For the data that follows, return each line unchanged and drop the pictures.
─── PROVIDED MATERIAL ───
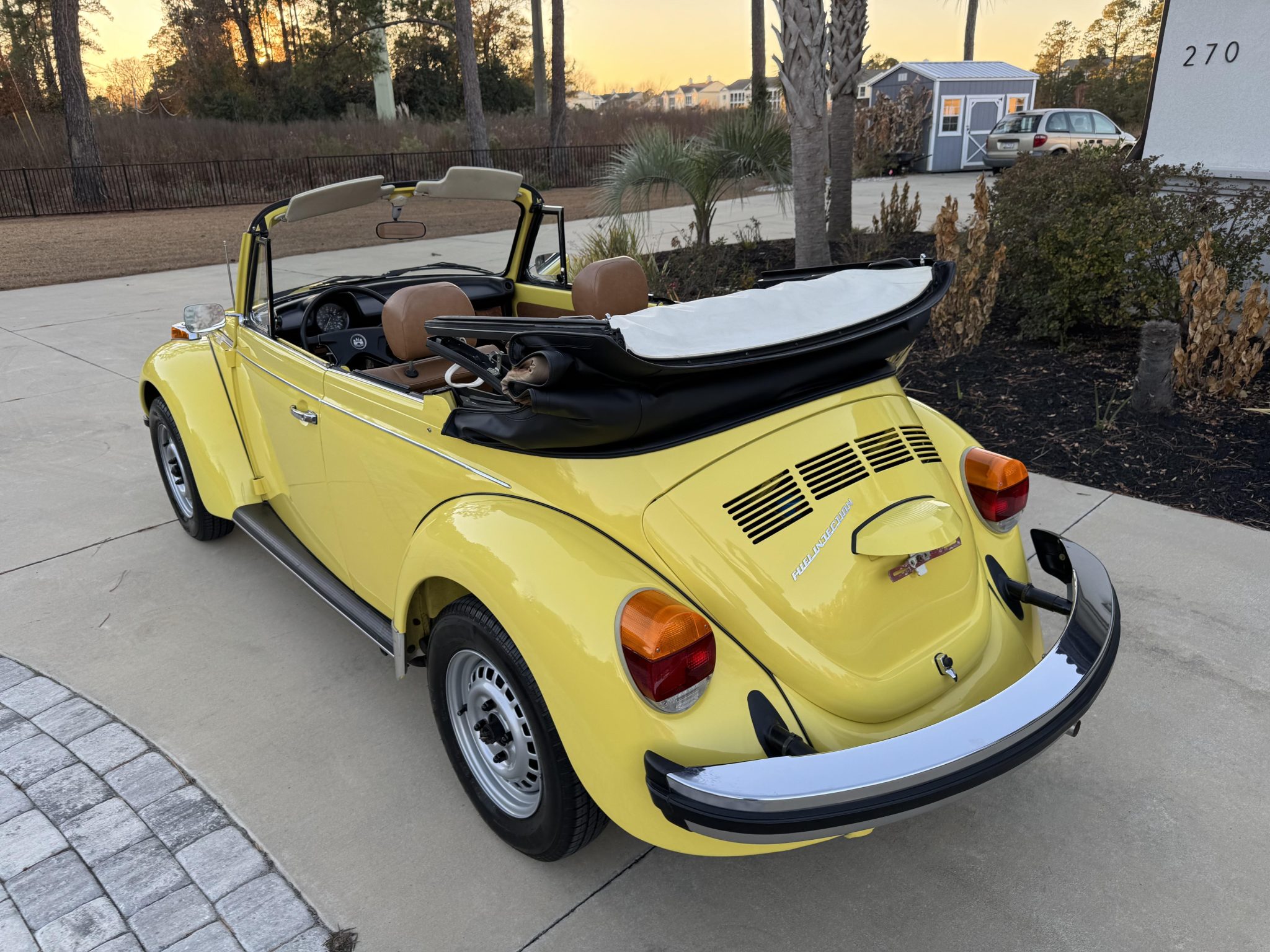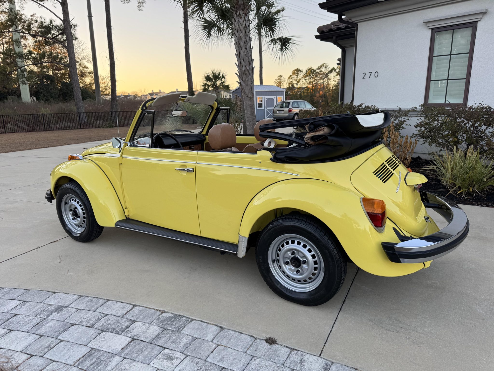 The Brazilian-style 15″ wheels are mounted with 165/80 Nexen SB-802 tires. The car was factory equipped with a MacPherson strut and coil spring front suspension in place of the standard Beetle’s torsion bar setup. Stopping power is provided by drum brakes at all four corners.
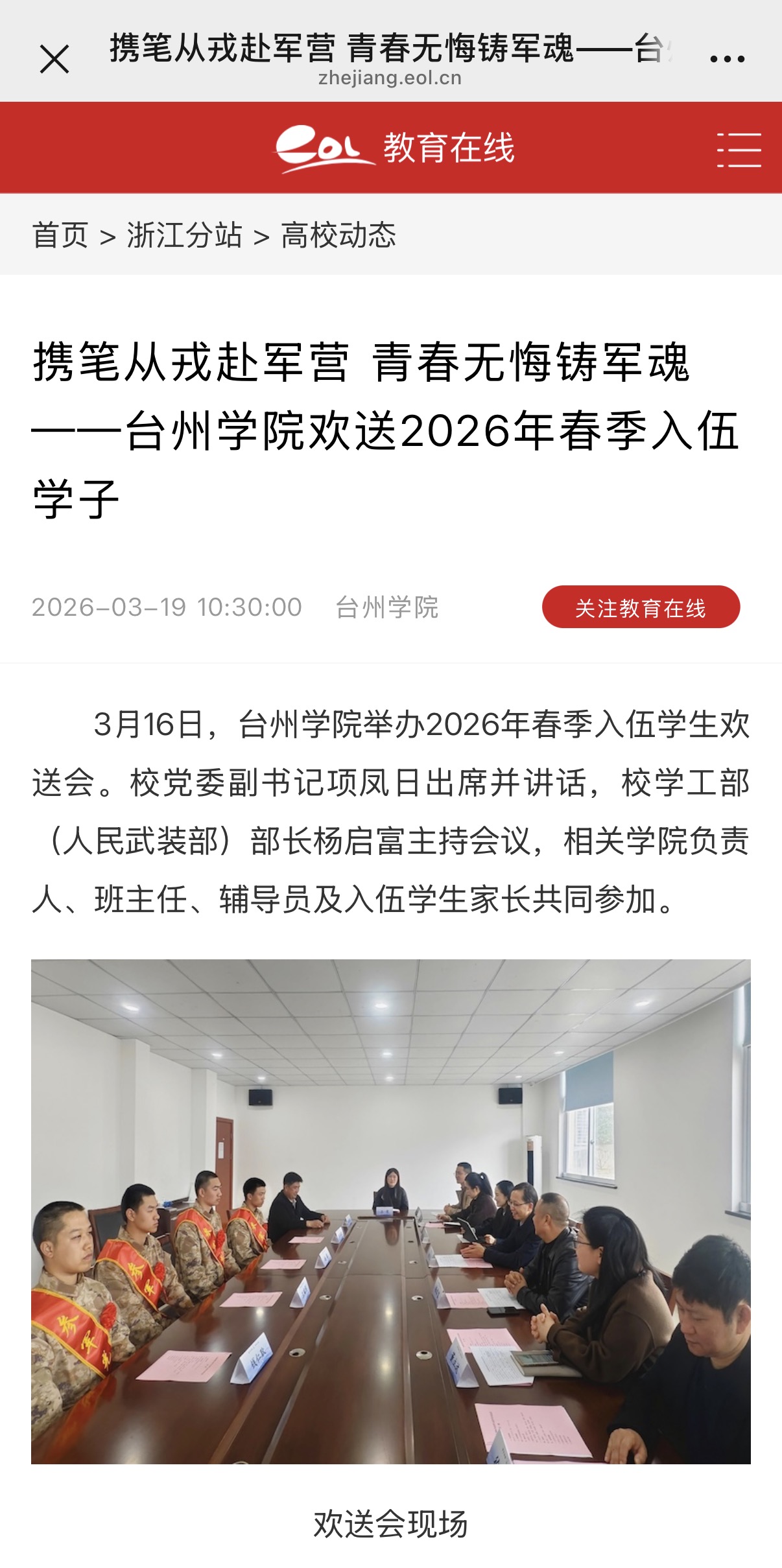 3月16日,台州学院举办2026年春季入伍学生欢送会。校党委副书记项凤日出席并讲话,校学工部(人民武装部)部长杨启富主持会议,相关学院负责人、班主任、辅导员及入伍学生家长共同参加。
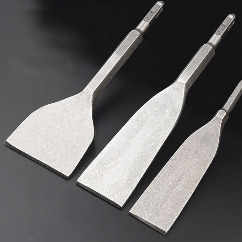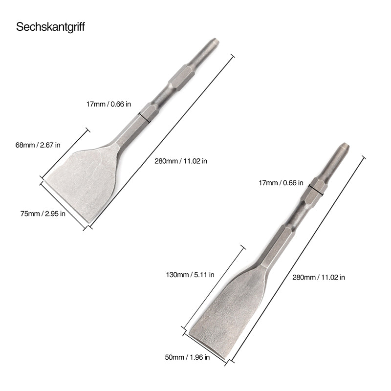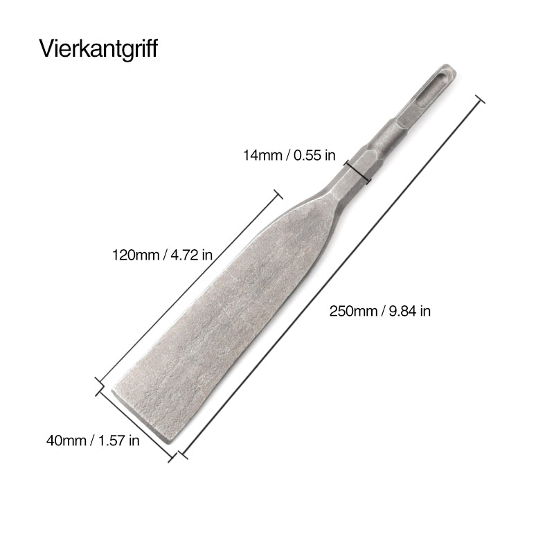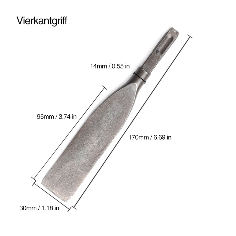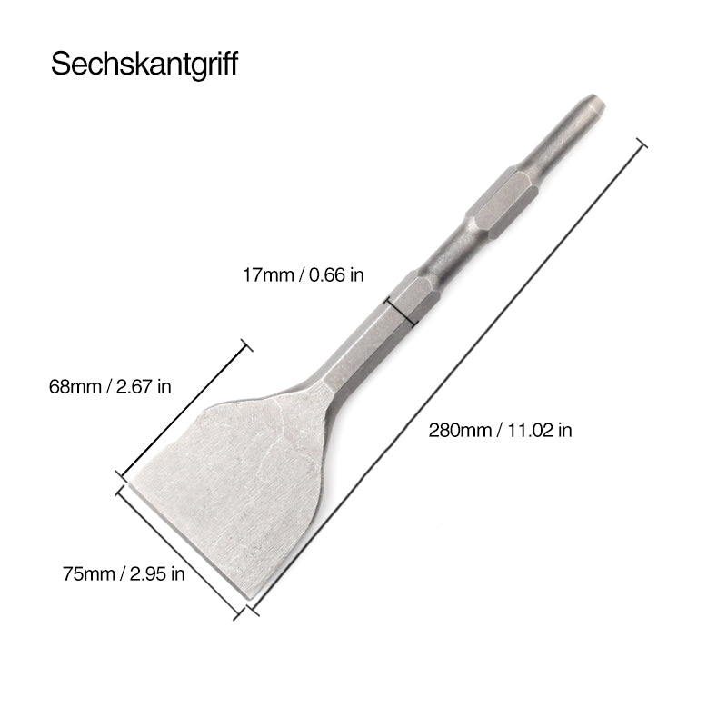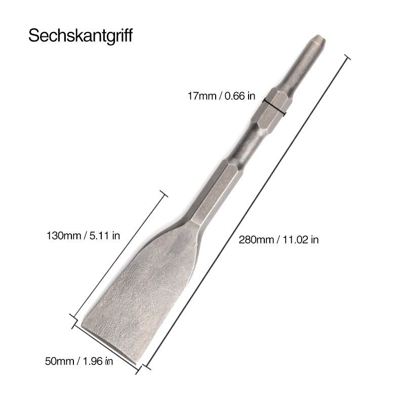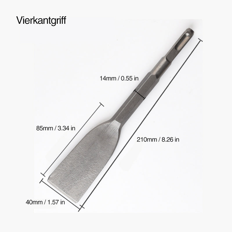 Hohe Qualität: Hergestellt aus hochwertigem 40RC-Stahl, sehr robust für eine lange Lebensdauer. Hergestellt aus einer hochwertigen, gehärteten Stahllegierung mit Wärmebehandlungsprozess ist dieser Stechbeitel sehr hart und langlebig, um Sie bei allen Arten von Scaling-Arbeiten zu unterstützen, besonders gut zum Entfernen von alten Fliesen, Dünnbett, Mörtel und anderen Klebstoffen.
───
:: ANSWER TO THIS PROBLEM ::
 The Brazilian-style 15″ wheels are mounted with 165/80 Nexen SB-802 tires. The car was factory equipped with a MacPherson strut and coil spring front suspension in place of the standard Beetle’s torsion bar setup. Stopping power is provided by drum brakes at all four corners.
 3月16日,台州学院举办2026年春季入伍学生欢送会。校党委副书记项凤日出席并讲话,校学工部(人民武装部)部长杨启富主持会议,相关学院负责人、班主任、辅导员及入伍学生家长共同参加。
 Hohe Qualität: Hergestellt aus hochwertigem 40RC-Stahl, sehr robust für eine lange Lebensdauer. Hergestellt aus einer hochwertigen, gehärteten Stahllegierung mit Wärmebehandlungsprozess ist dieser Stechbeitel sehr hart und langlebig, um Sie bei allen Arten von Scaling-Arbeiten zu unterstützen, besonders gut zum Entfernen von alten Fliesen, Dünnbett, Mörtel und anderen Klebstoffen.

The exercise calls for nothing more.